Supplied data
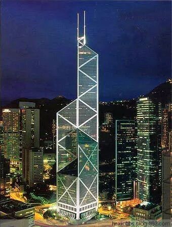 贝聿铭设计的香港中银大厦吸纳有方尖碑及规矩交叉的设计意涵
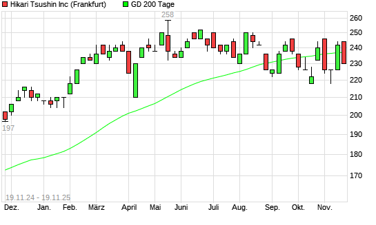 Mit dem Rücksetzer auf 230,00 EUR hat die Hikari Tsushin-Aktie am 18.11.2025 die 200-Tage-Linie nach unten gekreuzt.Die Hikari Tsushin-Aktie befand sich seit dem 12.11.2025 im langfristigen ...weiterlesen
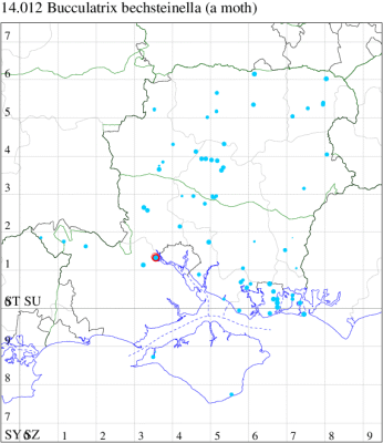 Local in scrub, hedgerows and woodland edges throughout much of England and southern Scotland. Widespread in Hampshire, although apparently absent from the New Forest in recent years, and only known from a handful of sites on the Isle of Wight. Wingspan 7-9 mm. Flies in evening sunshine. One of the less distinctive Bucculatrix species, and probably under-recorded. Larva mines leaves of Hawthorn, Pear, Apple, Rowan and Wild Service-tree, over-wintering as a pupa.
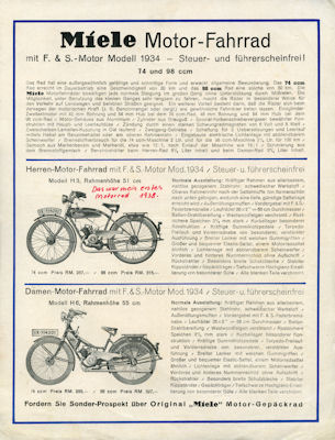 Mobile Preview: Miele Motorfahrrad Prospekt 1934

What to produce
A verbatim transcript of the material above, with images dropped, is the expected output.

Task answer
 贝聿铭设计的香港中银大厦吸纳有方尖碑及规矩交叉的设计意涵
 Mit dem Rücksetzer auf 230,00 EUR hat die Hikari Tsushin-Aktie am 18.11.2025 die 200-Tage-Linie nach unten gekreuzt.Die Hikari Tsushin-Aktie befand sich seit dem 12.11.2025 im langfristigen ...weiterlesen
 Local in scrub, hedgerows and woodland edges throughout much of England and southern Scotland. Widespread in Hampshire, although apparently absent from the New Forest in recent years, and only known from a handful of sites on the Isle of Wight. Wingspan 7-9 mm. Flies in evening sunshine. One of the less distinctive Bucculatrix species, and probably under-recorded. Larva mines leaves of Hawthorn, Pear, Apple, Rowan and Wild Service-tree, over-wintering as a pupa.
 Mobile Preview: Miele Motorfahrrad Prospekt 1934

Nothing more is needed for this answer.